Cyberattacken
Geheimdienste warnen vor russischen Angriffen auf WhatsApp
Veröffentlicht:
von Nadine von Parseval:newstime
Geheimdienste warnen vor WhatsApp-Hacks
Videoclip • 01:32 Min • Ab 12
Messenger wie WhatsApp und Signal gelten wegen ihrer Verschlüsselung als besonders sicher. Doch laut niederländischen Geheimdiensten geraten sie zunehmend ins Visier russischer Hacker. Die Angreifer:innen setzen dabei auf eine bekannte Methode.
Das Wichtigste in Kürze
Niederländische Geheimdienste warnen vor gezielten Hackerangriffen auf WhatsApp- und Signal-Konten.
Angreifer:innen versuchen per Social Engineering Zugang zu Nutzerkonten zu bekommen.
Nutzer:innen sollten keine PIN- oder Verifizierungscodes weitergeben und gekoppelte Geräte prüfen.
Messenger-Dienste wie WhatsApp und Signal gelten eigentlich als besonders sicher. Grund dafür ist die Ende-zu-Ende-Verschlüsselung, durch die Chat-Inhalte nur von Sender:innen und Empfänger:innen gelesen werden können. Die Übertragung der Nachrichten erfolgt verschlüsselt und gilt grundsätzlich als gut geschützt.
Dennoch warnen nun die niederländischen Geheimdienste MIVD und AIVD vor einer neuen Angriffswelle. Demnach sollen russische Hacker gezielt versuchen, Nutzerkonten bei WhatsApp, wo gerade auch neue Funktionen getestet werden, und Signal zu übernehmen. Laut einer aktuellen Meldung sind bereits niederländische Regierungsangestellte betroffen, wie futurezone.at berichtet.

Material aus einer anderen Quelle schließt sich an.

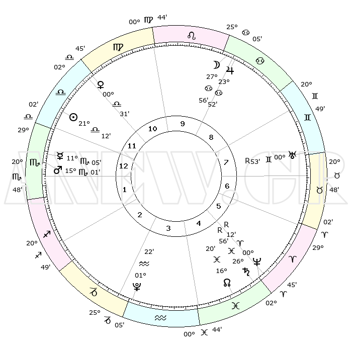 | ΘΕΣΕΙΣ ΠΛΑΝΗΤΩΝ ΑΣΤΡΟΛΟΓΙΚΟΥ ΧΑΡΤΗ ΤΗΣ ΣΤΙΓΜΗΣ ΑΥΤΗΣ | | Πλανήτης | Ζώδιο | Μοίρες | Δεκαήμ. | Σε οίκο | Απόκλιση | | Ακμές των οίκων | Ηλιος | Ζυγός | 21°04' | Τρίτο | 1 | 08 S 13 | | 1ος | 14°25' | Ζυγός | Σελήνη | Καρκίνος | 26°15' | Τρίτο | 10 | 24 N 55 | | 2ος | 11°57' | Σκορπιός | Ερμής | Σκορπιός | 10°54' | Δεύτερο | 1 | 16 S 39 | | 3ος | 12°57' | Τοξότης | Αφροδίτη | Ζυγός | 00°22' | Πρώτο | 12 | 01 N 14 | | 4ος | 16°18' | Αιγόκερως | Αρης | Σκορπιός | 14°56' | Δεύτερο | 2 | 16 S 31 | | 5ος | 19°14' | Υδροχόος | Δίας | Καρκίνος | 23°51' | Τρίτο | 10 | 21 N 22 | | 6ος | 19°01' | Ιχθείς | Κρόνος | Ιχθείς | 26°57'R | Τρίτο | 6 | 03 S 31 | | 7ος | 14°25' | Κριός | Ουρανός | Δίδυμοι | 00°53'R | Πρώτο | 8 | 20 N 07 | | 8ος | 11°57' | Ταύρος | Ποσειδώνας | Κριός | 00°12'R | Πρώτο | 6 | 01 S 11 | | 9ος | 12°57' | Δίδυμοι | Πλούτωνας | Υδροχόος | 01°22' | Πρώτο | 4 | 23 S 32 | | 10ος | 16°18' | Καρκίνος | Β. Δεσμός | Ιχθείς | 16°21' | Δεύτερο | 5 | 05 S 23 | | 11ος | 19°14' | Λέων | Ωροσκόπος | Ζυγός | 14°25' | Δεύτερο | | | 12ος | 19°01' | Παρθένος | Μεσουράνημα | Καρκίνος | 16°18' | Δεύτερο | | | |

Hacker greifen Nutzer statt Verschlüsselung an
Die Angreifer:innen versuchen allerdings nicht, die Verschlüsselung der Messenger zu knacken oder Sicherheitslücken auszunutzen. Stattdessen setzen sie auf sogenanntes Social Engineering. Dabei manipulieren sie ihre Opfer, um Zugang zu Geräten oder Nutzerkonten zu erhalten.
Eine Methode besteht darin, sich als offizieller Support von WhatsApp oder Signal auszugeben. In solchen Nachrichten fordern die Betrüger:innen Nutzer:innen auf, persönliche PIN-Codes zu übermitteln. Mit diesen Informationen könnten die Täter:innen ein Konto übernehmen.
Angriff über verknüpfte Geräte
Eine weitere Masche betrifft gekoppelte Geräte. Dabei versuchen die Angreifer, ein eigenes Gerät mit dem Konto des Opfers zu verbinden und anschließend an den dafür nötigen Verifizierungscode zu gelangen.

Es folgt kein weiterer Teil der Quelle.